= How to complete this task =
Working from the top of the listing below, retype each line through the line containing "JUGEMテーマ:パーティ 華やかなシーンを飾る大人のカクテルドレスがお買い得!! 色:ラベンダー/ブルー", both included, with no pictures.

── The input ──

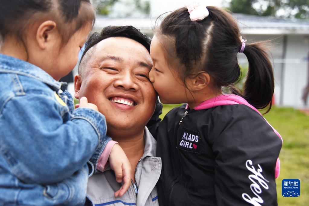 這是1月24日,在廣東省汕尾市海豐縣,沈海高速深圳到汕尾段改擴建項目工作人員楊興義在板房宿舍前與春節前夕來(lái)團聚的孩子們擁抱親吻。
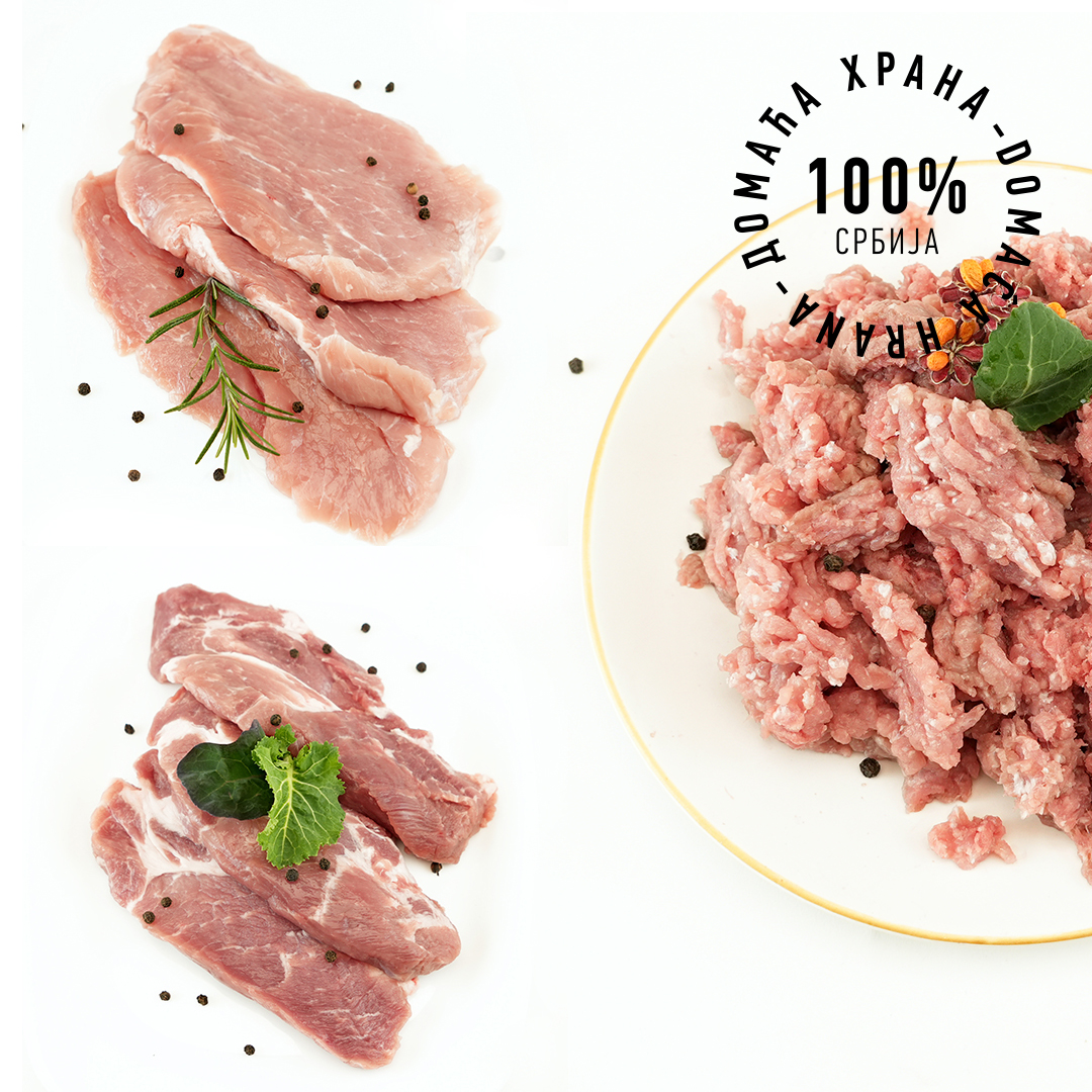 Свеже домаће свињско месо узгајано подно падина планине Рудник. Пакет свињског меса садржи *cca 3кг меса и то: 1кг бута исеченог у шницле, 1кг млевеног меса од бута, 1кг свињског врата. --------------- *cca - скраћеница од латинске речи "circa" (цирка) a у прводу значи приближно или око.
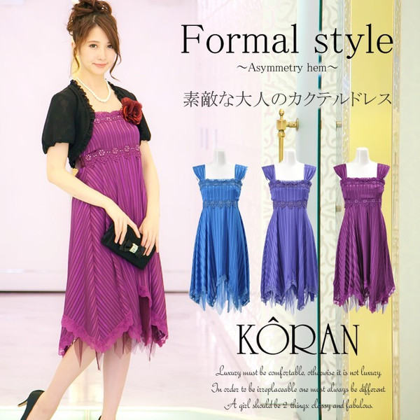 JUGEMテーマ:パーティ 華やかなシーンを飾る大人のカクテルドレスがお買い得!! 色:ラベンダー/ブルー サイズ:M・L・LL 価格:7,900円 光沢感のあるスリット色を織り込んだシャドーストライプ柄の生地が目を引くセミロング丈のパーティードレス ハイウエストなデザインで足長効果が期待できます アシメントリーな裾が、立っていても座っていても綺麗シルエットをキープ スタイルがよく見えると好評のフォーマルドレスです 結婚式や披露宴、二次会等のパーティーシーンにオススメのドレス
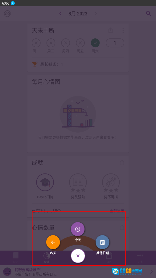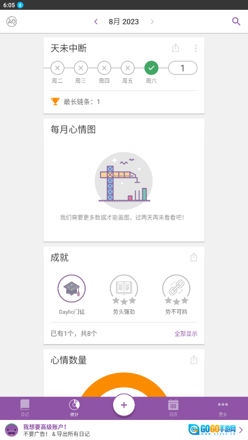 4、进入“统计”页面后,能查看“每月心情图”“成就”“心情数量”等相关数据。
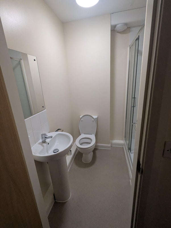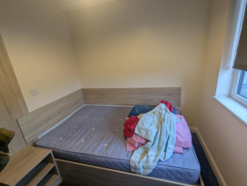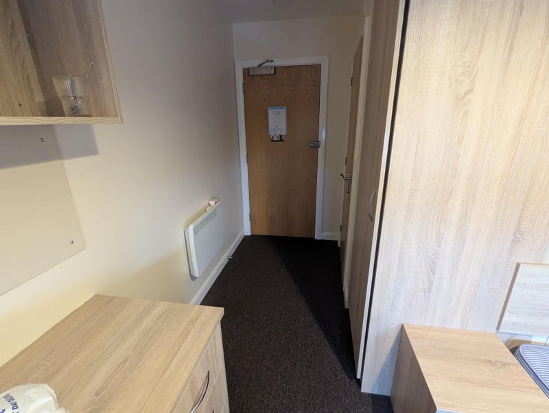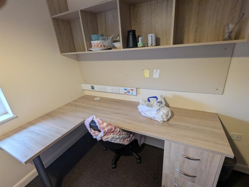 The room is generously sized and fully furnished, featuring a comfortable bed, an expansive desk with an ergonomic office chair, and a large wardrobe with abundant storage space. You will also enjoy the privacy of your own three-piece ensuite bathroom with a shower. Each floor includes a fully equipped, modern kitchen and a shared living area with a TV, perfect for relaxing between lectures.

───

= Result for this task =
 這是1月24日,在廣東省汕尾市海豐縣,沈海高速深圳到汕尾段改擴建項目工作人員楊興義在板房宿舍前與春節前夕來(lái)團聚的孩子們擁抱親吻。
 Свеже домаће свињско месо узгајано подно падина планине Рудник. Пакет свињског меса садржи *cca 3кг меса и то: 1кг бута исеченог у шницле, 1кг млевеног меса од бута, 1кг свињског врата. --------------- *cca - скраћеница од латинске речи "circa" (цирка) a у прводу значи приближно или око.
 JUGEMテーマ:パーティ 華やかなシーンを飾る大人のカクテルドレスがお買い得!! 色:ラベンダー/ブルー サイズ:M・L・LL 価格:7,900円 光沢感のあるスリット色を織り込んだシャドーストライプ柄の生地が目を引くセミロング丈のパーティードレス ハイウエストなデザインで足長効果が期待できます アシメントリーな裾が、立っていても座っていても綺麗シルエットをキープ スタイルがよく見えると好評のフォーマルドレスです 結婚式や披露宴、二次会等のパーティーシーンにオススメのドレス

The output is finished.